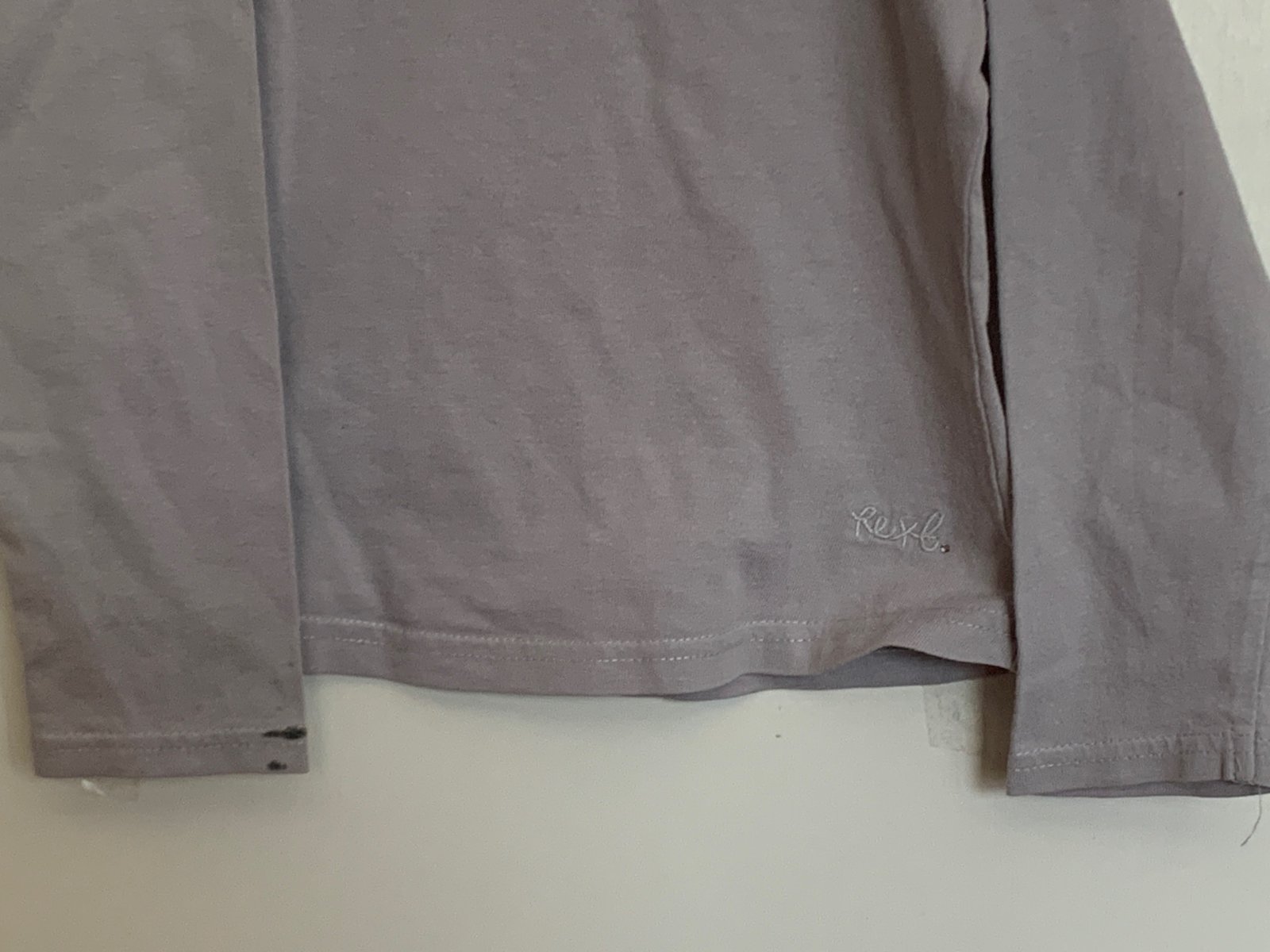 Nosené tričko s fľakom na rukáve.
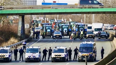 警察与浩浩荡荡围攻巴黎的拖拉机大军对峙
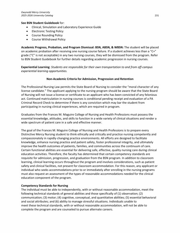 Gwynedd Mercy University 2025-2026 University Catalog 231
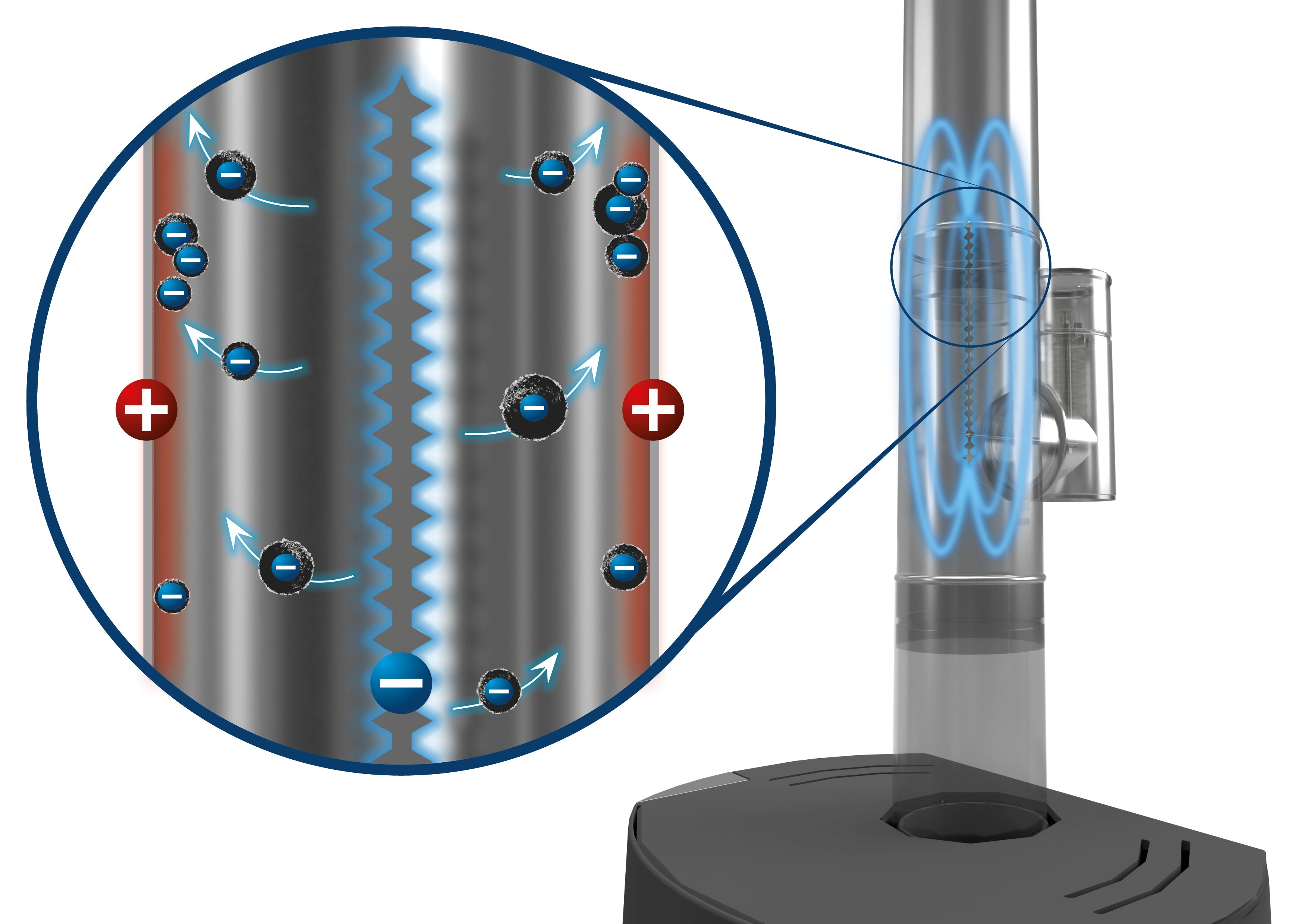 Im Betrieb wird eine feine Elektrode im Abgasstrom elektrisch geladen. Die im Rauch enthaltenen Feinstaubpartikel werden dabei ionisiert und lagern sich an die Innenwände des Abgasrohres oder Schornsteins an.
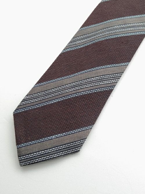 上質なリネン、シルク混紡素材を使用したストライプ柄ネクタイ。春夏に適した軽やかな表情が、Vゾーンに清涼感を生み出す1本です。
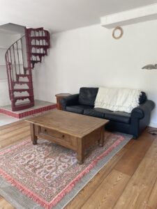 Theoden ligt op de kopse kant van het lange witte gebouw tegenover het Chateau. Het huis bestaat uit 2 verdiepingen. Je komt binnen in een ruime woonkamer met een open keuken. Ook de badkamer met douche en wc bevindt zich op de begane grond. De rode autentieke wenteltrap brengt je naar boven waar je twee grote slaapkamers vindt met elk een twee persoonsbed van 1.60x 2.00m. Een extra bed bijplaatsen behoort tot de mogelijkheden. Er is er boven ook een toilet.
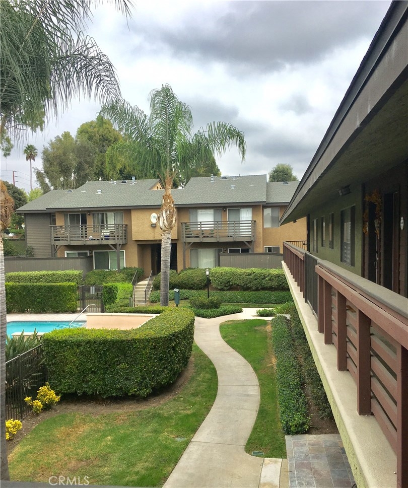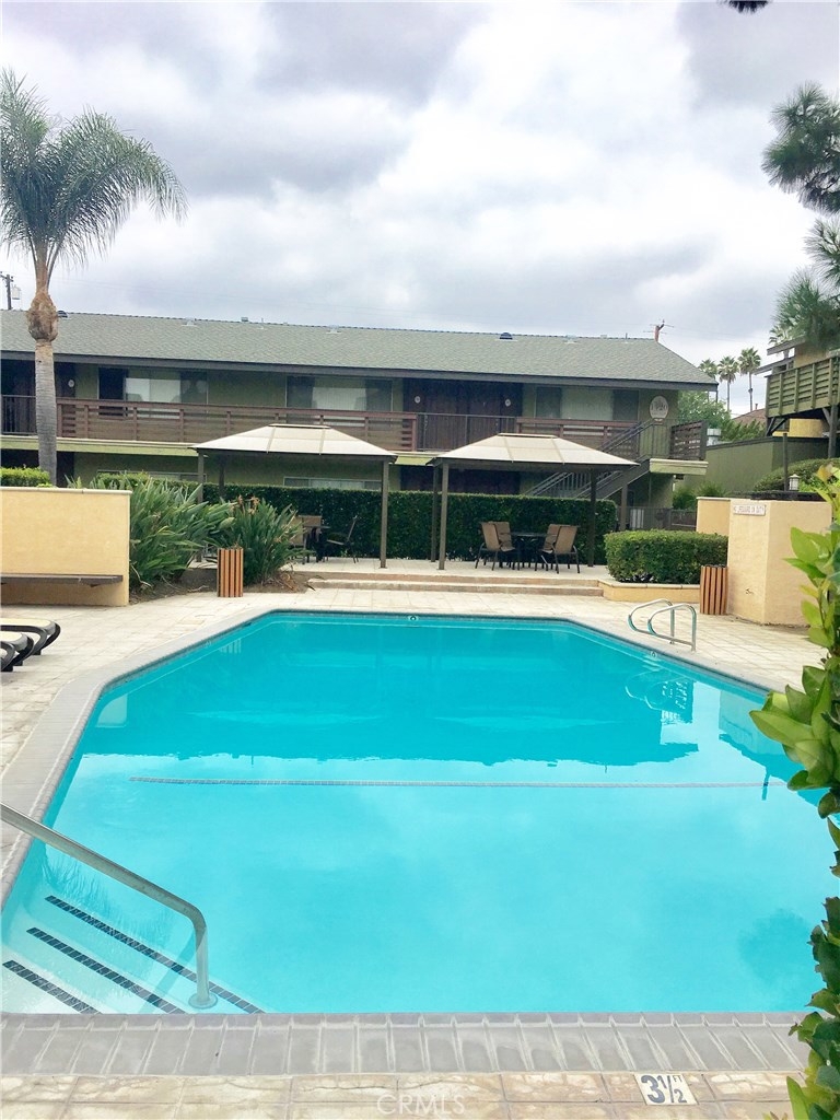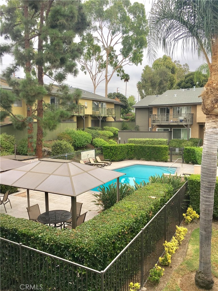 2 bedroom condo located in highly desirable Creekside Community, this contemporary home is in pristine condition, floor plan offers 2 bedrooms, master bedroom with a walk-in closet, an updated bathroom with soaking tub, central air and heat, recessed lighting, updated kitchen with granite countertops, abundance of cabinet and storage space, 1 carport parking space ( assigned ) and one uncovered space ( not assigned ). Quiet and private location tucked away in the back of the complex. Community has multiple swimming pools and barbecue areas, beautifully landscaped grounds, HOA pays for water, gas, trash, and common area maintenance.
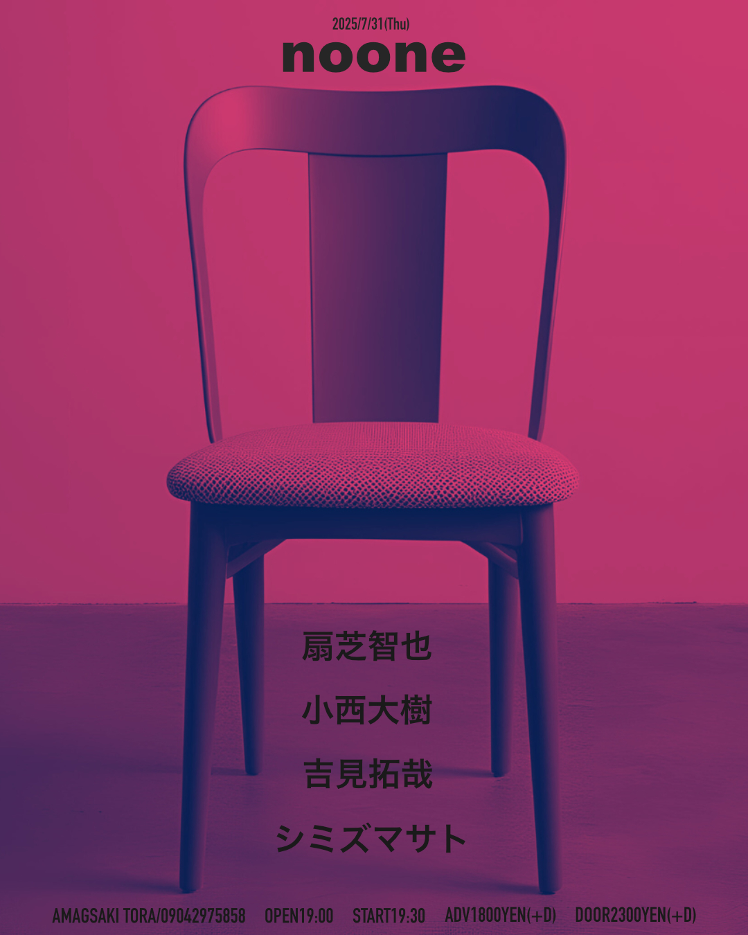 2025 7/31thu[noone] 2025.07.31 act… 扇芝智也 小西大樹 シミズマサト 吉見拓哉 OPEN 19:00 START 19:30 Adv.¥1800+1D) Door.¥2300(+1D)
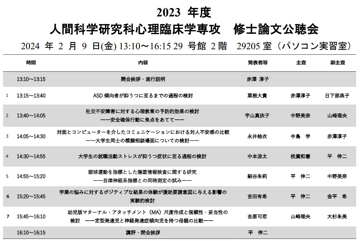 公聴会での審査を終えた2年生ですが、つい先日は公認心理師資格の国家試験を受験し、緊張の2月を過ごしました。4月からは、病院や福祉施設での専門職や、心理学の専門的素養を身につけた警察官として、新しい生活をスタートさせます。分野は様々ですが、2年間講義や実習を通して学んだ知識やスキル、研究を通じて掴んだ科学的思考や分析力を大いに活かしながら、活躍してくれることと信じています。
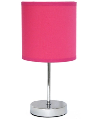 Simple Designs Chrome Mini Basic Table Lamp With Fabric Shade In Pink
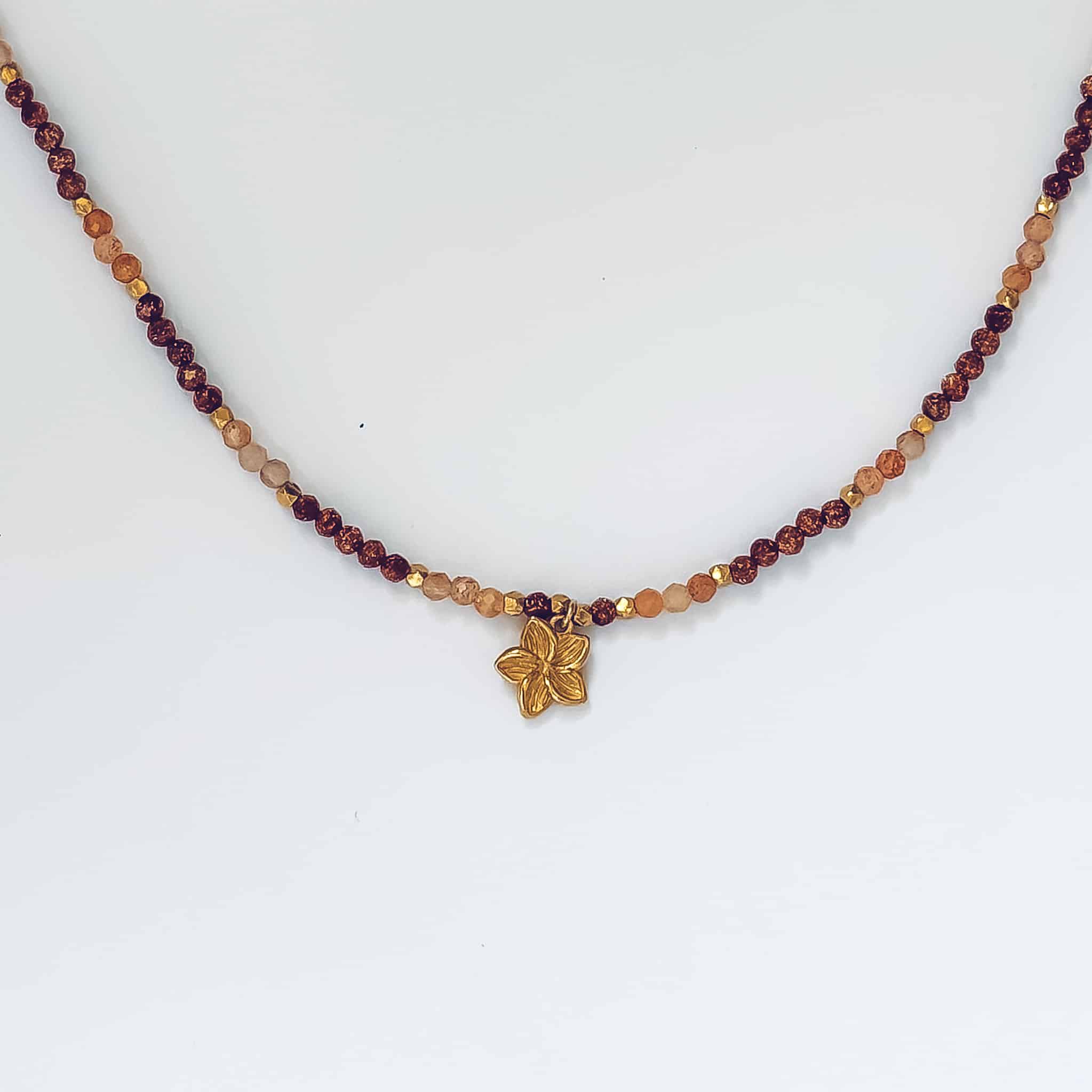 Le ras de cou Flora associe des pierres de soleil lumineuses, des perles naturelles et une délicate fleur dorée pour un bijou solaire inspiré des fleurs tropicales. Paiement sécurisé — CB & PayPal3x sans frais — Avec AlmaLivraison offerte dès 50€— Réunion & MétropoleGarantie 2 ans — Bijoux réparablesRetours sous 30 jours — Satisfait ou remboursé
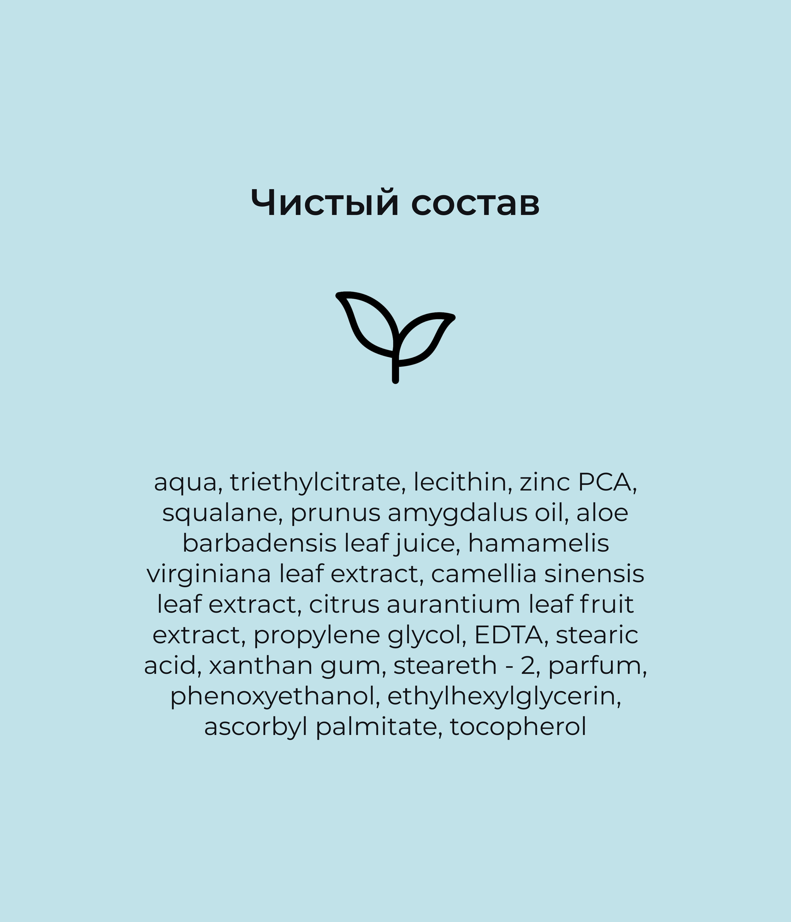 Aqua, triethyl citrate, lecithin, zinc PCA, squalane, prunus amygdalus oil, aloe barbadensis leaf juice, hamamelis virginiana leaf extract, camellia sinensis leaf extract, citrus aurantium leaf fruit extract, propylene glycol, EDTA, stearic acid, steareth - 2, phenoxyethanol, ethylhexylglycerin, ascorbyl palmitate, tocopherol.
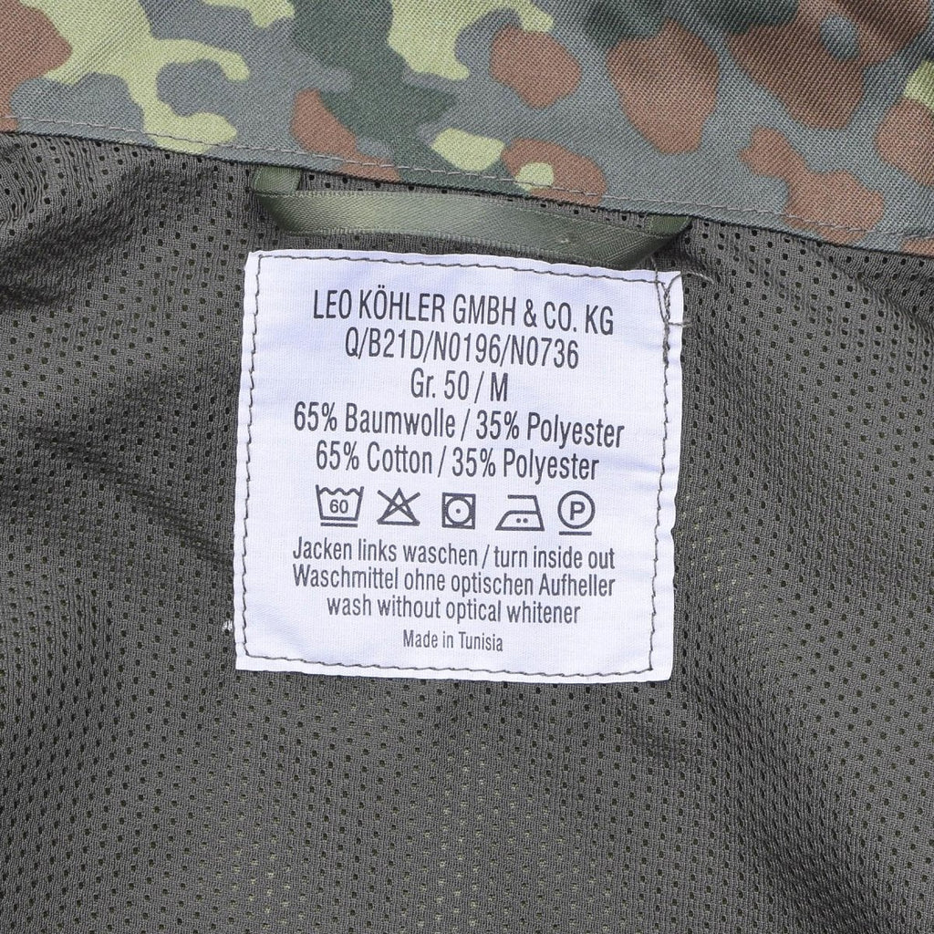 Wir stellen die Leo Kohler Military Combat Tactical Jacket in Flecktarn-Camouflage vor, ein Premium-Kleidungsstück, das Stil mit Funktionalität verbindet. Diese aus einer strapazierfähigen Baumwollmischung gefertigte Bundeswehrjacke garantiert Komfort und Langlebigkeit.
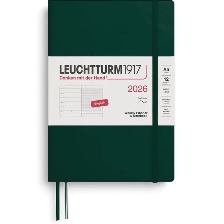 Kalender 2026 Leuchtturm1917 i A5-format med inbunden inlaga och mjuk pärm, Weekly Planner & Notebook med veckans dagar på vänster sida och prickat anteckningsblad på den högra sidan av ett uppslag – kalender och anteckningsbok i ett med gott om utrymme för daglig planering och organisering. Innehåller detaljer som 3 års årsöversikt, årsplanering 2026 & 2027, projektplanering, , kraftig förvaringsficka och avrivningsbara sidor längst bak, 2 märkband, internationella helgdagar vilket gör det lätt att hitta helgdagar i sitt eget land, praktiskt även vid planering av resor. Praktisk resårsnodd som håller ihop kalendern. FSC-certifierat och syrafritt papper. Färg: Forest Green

EXERCISE BRIEF: Exact repetition required: repeat the first line of the listing above, the line containing "Gwynedd Mercy University", and every line between, leaving out pictures.

ANSWER:
 Nosené tričko s fľakom na rukáve.
 警察与浩浩荡荡围攻巴黎的拖拉机大军对峙
 Gwynedd Mercy University 2025-2026 University Catalog 231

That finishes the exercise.